Notebooks. Half full, half empty, barely touched. Scrappy and smart. I never throw away a notebook if there is something in it still. There were ten of them in the boxes yesterday. I just want to explore them in detail.

The Guinness Books of Records. These are like onanism of the soul. Cheap thrills, ideas, thoughts, achievements, ideals. I love them. Some years I get a Guinness Book for Christmas. Some years it’s forgotten. It’s like a dictionary. Always handy to have. Couple that with Pears Cyclopaedia, and you have a beautiful collection of up-to-date human knowledge.

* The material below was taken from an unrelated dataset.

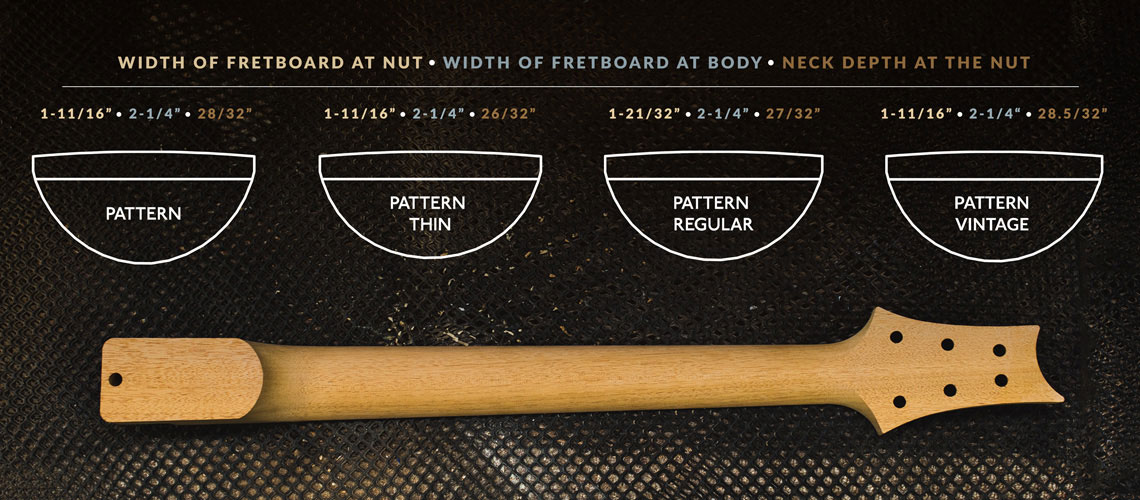 PRS의 넥 쉐입은 존 써나 탐 앤더슨만큼 다양한 옵션이 있지는 않습니다. 2011년 명칭의 변경이 있긴 했지만 Custom 24의 경우 얇은 넥(Wide Thin → Pattern Thin)과 레귤러 넥(Regular → Pattern Regular)의 두 가지 옵션 중 하나를 선택할 수 있습니다. 그 외 Custom 22 같은 기타에서 선택할 수 있는 Pattern(구 Wide Fat)넥과, 최근 McCarty에 도입된 Pattern Vintage(Pattern넥을 더 두껍게 개량했다고 합니다)가 있습니다. 저는 얇은 넥을 좋아합니다. Pattern Regular넥을 잠깐 만져볼 기회가 있었는데, 7프렛 위쪽에서 바레 코드 잡을 때 엄지와 검지 사이 근육이 아팠다는 느낌입니다. 얇은 넥에 적응해서 그런 것도 있겠지만, 어쨌거나 저는 레귤러 넥 보다는얇은 넥을 고르겠습니다.

Fantasy. My fantasies. The worlds I lived in as a child. The Belgariad, where I killed the dark god Torak. The Spellsinger story, where I was a bard, and hung around with an otter who swore like a sailor. L E Modesitt Jr’s world of Recluse, where order and chaos were in total and constant flux, every trying to gain the upper hand. The nordic fantasies of Elizabeth H Boyer, with its Light and Dark Alfar, and Dwarves and Trolls and Dragons. All with their maps, in the front of the books – maps of worlds I know better than the map of this little globe I live on now.

Voyager. Star Trek Voyager. Seven series of the best of Star Trek (Except for those two episodes in series two). An exploration of the Delta Quadrant, with an unparalleled captain. Captain Kathryn Janeway, who I would follow to the end of the earth and back if she gave the order. People will throw themselves behind gung-ho Kirk, the diplomat himself – Picard, or even, god forbid, the stuffed shirt that was Sisko (Whose only beautifully redeeming feature was that he punched Q). But Janeway was the promise. Janeway said that even in the depths of space, without an intergalactic Federation to back you up, you can hold to your principles.

Again, it’s followed me through six houses, and been a constant in my life. There’s always a comfort when Janeway’s there to take my hand.

Voyager. That’s going to be me lost for the next few weeks. Good morning.